◆ **TASK TO CARRY OUT**
Write out the listing exactly, from its first line through the line holding "Kobayashi, 30, was", but include none of the pictures.

——

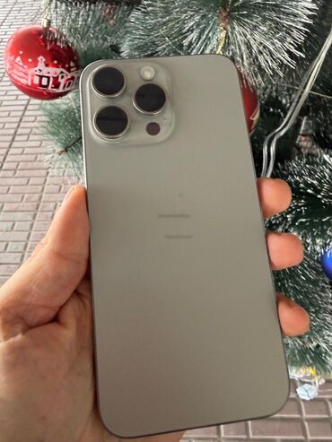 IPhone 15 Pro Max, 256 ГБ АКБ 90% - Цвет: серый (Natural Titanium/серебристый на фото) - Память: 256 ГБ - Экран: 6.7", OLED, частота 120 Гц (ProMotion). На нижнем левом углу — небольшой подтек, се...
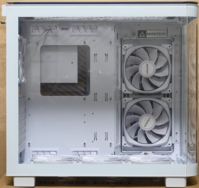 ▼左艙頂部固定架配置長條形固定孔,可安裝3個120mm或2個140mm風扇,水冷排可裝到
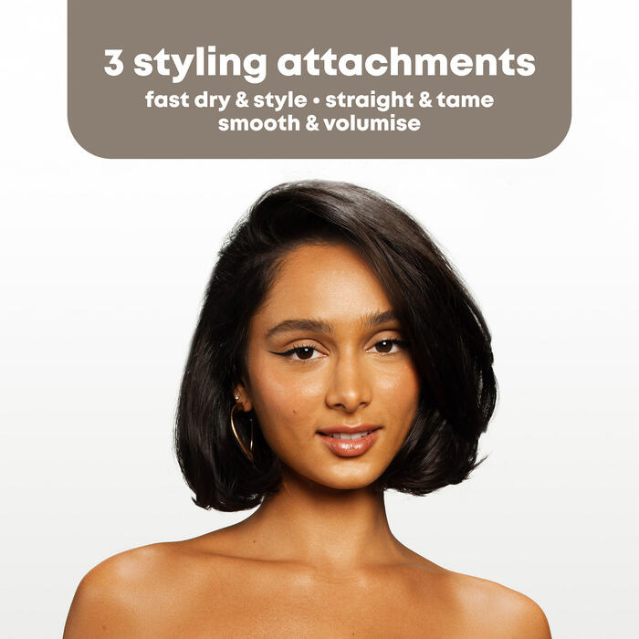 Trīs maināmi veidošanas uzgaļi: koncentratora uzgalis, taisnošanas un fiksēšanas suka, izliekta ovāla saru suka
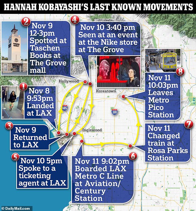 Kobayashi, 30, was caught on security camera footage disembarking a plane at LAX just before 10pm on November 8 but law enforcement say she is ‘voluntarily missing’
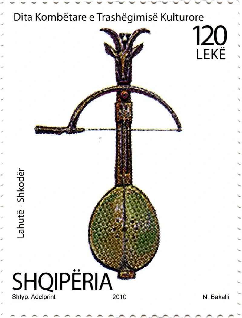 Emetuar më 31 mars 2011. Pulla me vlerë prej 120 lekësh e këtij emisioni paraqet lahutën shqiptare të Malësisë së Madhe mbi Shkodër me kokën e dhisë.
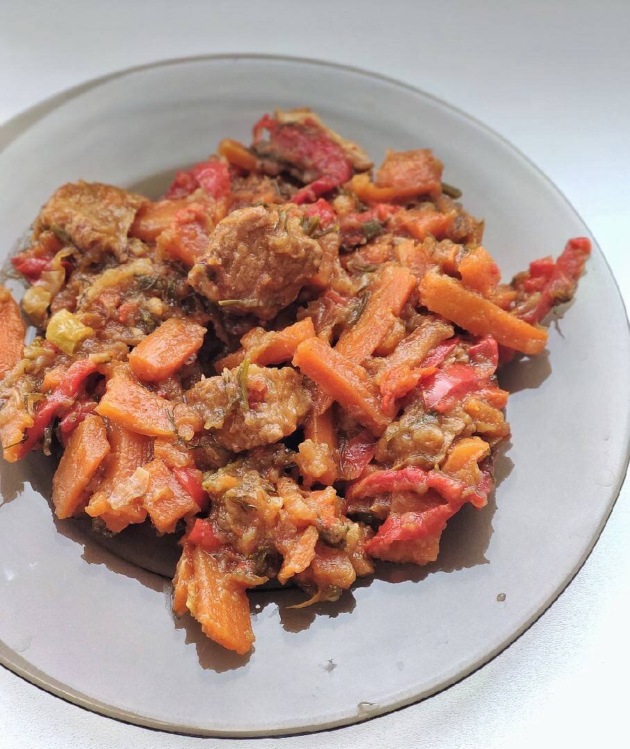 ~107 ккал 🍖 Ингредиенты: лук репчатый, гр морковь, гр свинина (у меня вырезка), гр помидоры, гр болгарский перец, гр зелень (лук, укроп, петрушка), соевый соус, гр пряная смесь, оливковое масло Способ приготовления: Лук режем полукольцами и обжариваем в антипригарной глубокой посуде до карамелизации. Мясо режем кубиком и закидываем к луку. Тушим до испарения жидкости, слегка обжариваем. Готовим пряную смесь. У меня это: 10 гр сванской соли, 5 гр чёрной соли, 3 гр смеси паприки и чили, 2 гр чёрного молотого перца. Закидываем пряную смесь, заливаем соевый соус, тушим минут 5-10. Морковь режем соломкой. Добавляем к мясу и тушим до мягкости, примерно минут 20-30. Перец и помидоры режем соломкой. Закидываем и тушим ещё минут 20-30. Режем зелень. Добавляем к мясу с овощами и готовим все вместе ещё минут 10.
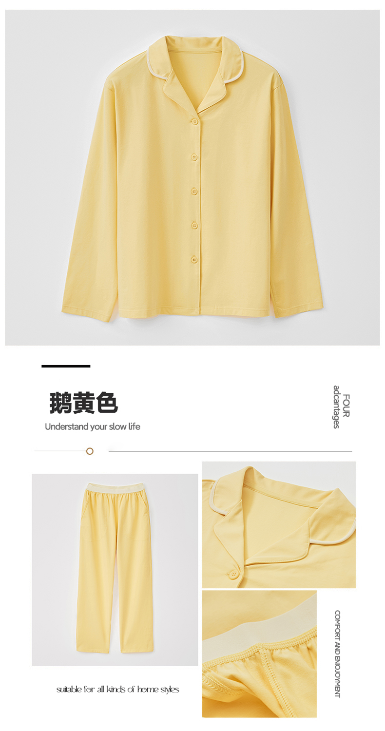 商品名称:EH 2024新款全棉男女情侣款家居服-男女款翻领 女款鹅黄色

——

◆ **EXPECTED OUTPUT**
 IPhone 15 Pro Max, 256 ГБ АКБ 90% - Цвет: серый (Natural Titanium/серебристый на фото) - Память: 256 ГБ - Экран: 6.7", OLED, частота 120 Гц (ProMotion). На нижнем левом углу — небольшой подтек, се...
 ▼左艙頂部固定架配置長條形固定孔,可安裝3個120mm或2個140mm風扇,水冷排可裝到
 Trīs maināmi veidošanas uzgaļi: koncentratora uzgalis, taisnošanas un fiksēšanas suka, izliekta ovāla saru suka
 Kobayashi, 30, was caught on security camera footage disembarking a plane at LAX just before 10pm on November 8 but law enforcement say she is ‘voluntarily missing’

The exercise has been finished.